I am SO excited for this time away. We have nothing planned for two entire days (other than sitting in the hot springs, of course!). I'm looking forward to just relaxing with my Hubbin all day long! I'm sure we will come home with tons of pictures and wonderful stories (both stories for sharing and stories not for sharing...). I'm so THANKFUL that we are able to do this right now-financially and emotionally. I think it will be really good for us.

If you think of it please pray that we have a wonderfully rejuvenating two days! :)
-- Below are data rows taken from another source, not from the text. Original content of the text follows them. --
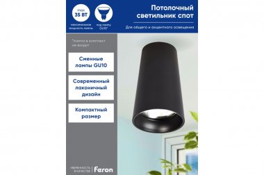 Накладные светильники FERON предназначены для общего и акцентного освещения в жилых помещениях. Компактный размер и оригинальная форма светильников позволяют органично вписать их в любой интерьер, сделав акцент на самом важном.
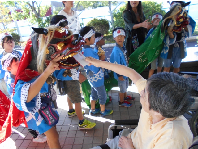 姿が見えないうちからどんちゃんどんちゃん♪と陽気な音と子ども達の楽しげな笑い声が聞こえてきて、利用者さんの期待も高まります。そしてついに獅子舞が姿を見せると「子どもたくさん来たよ!」「かわええなぁ」と大盛り上がりでした(^^)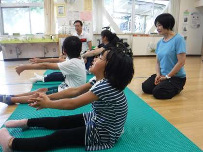 補助具の使用や介助の仕方など、少しの工夫で、子どもたちの姿勢や取り組みやすさが向上しました。日々、一生懸命に身体の取り組みをがんばっている子どもたちをよりよく支えるために、支援者、介助者にとっても勉強になる、たくさんの知見をいただきました。つくし学級を支えてくださるたくさんの方々に感謝です。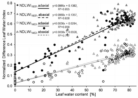 Relationship between water content of grapevine (cv. Mueller-Thurgau) leaves and Normalized Difference Leaf Water Index calculated using the water absorption bands at 1453 nm and 1937 nm, respectively. Hyperspectral imaging of adaxial and abaxial leaf sides in two independent experiments (n = 88).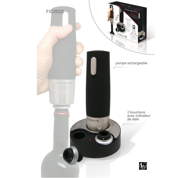 Livré avec 2 bouchons munis de bagues réglables permettant d'indiquer la date où la bouteille est mise en conservation. Pompe fonctionnant sur secteur. Produit vendu en coffret de 28x20 cm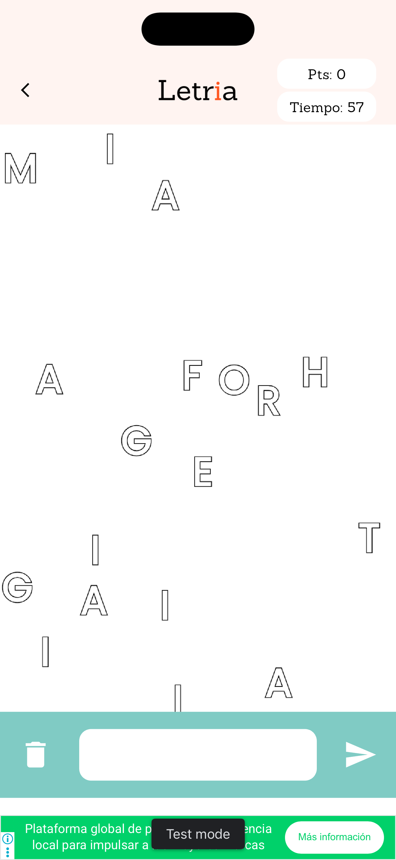 Juego 2D casual y offline: letras caen, formas palabras, ganas puntos. Partidas de 3 minutos diseñadas para jugar en el camión, en la fila, en un descanso. Tienda interna de tipografías como recompensa.

I am so emotionally worn down right now that I cannot think of a better way to spend two days than doing nothing with my Hubbin. And I know he is physically exhausted from working so many hours as well as emotionally drained from the last month of madness.

On To Other Topics:

Mom's stem cells never moved out into her bloodstream last week so they gave her a "mobilizer" shot (one every night) and finally got to "harvest" some cells today. She is staying in Denver at the hotel now as it is too draining for her to drive back and forth twice in a day or to stay down there all day with nowhere to rest. She posted a pretty good picture of the "international harvester" used to gather her cells on Facebook that you should check out.
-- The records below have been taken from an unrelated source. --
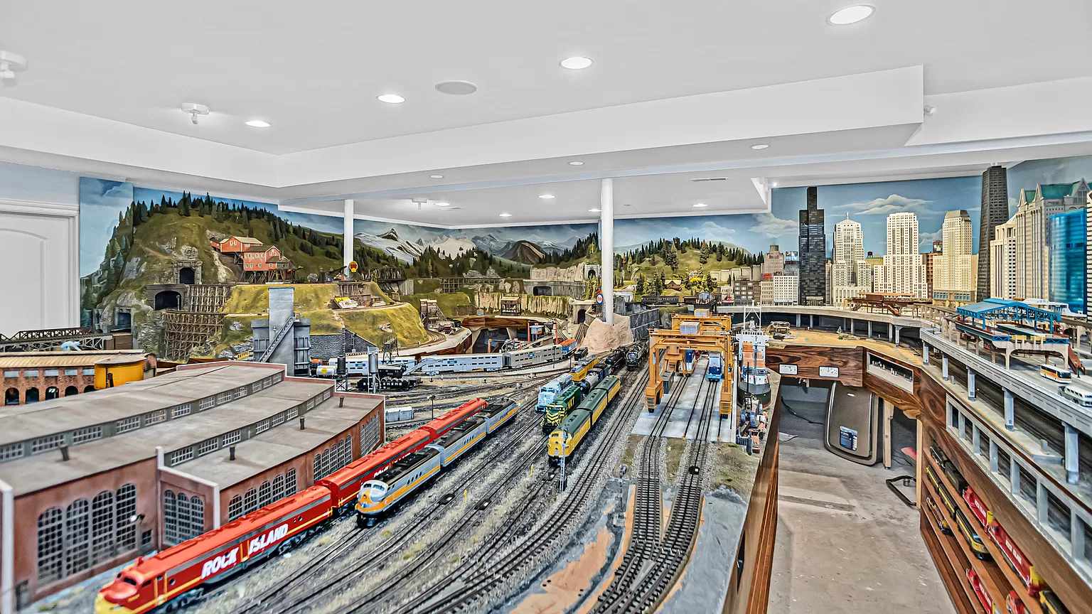 W wystawionej na sprzedaż rezydencji na przedmieściach Northbrook czeka niespodzianka, która z pewnością zachwyci miłośników kolei – jeden z pokoi zawiera imponującą wystawę modeli pociągów.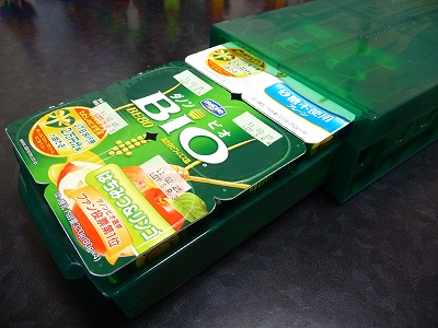 こんな風にダノンビオを4×2パック収納できる。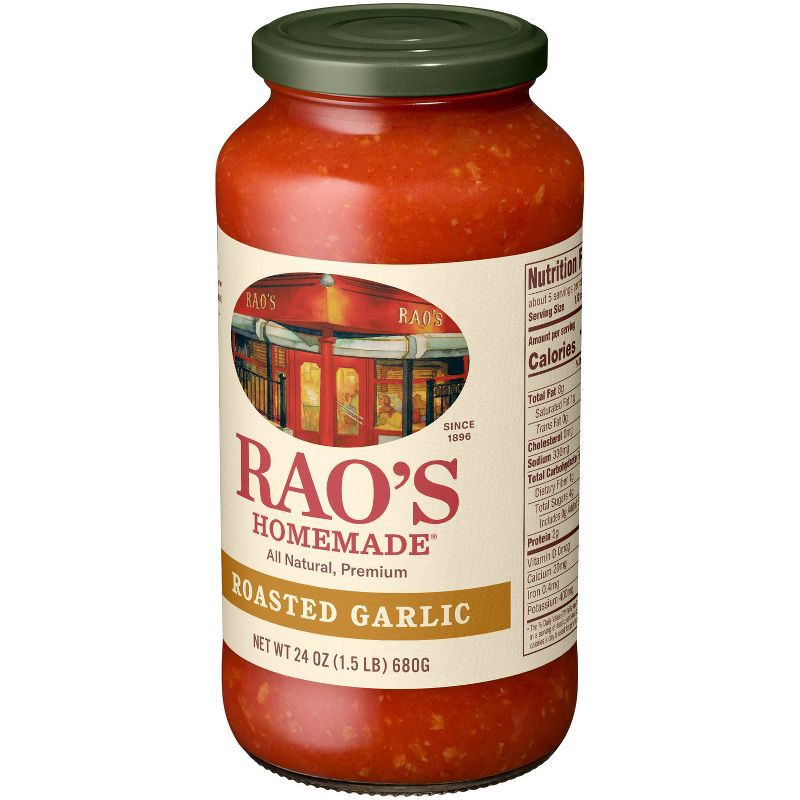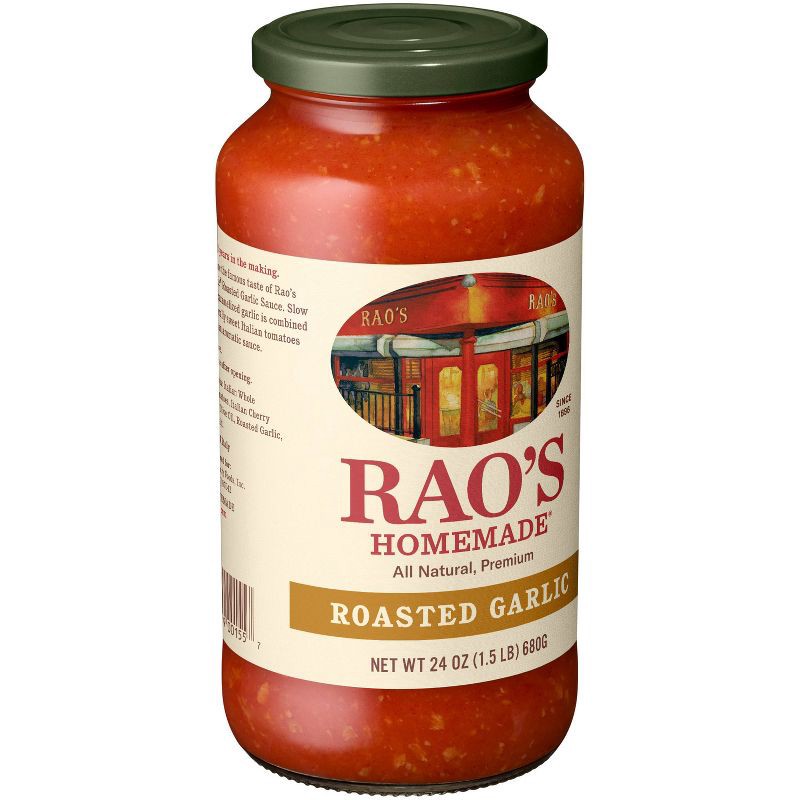 - Bring home the famous taste of Rao's with this 24 ounce jar of Rao's Homemade Roasted Garlic Tomato Sauce.

We have spoken with Glen and Linda (mostly Linda) via skype twice now and I cannot tell you how GOOD it is to see them and hear their voices. They are very interested in how things are going here and how everyone is doing. (So if you are one of those people that haven't contacted them since they left maybe you should shoot them an email at glenandlinda@hotmail.com). We told them about Joel's neck and my thyroid and Mom's progress and moving steal with Kirk. It was such a good conversation despite being cut off several times(they have REALLY bad Internet connection for live feeds).

We planted (ok I planted all but one all by myself) 10 rose bushes (ok they are tiny stick stubs right now, but we are hoping! lol) on Sunday. I also planted the entire bag of tulips that I meant to plant last fall but never got to...we will see if they come up or not. I glued a layer of bricks around the tree in the front yard as well. Sunday was a really productive day despite my not getting any Dairy Queen! lol.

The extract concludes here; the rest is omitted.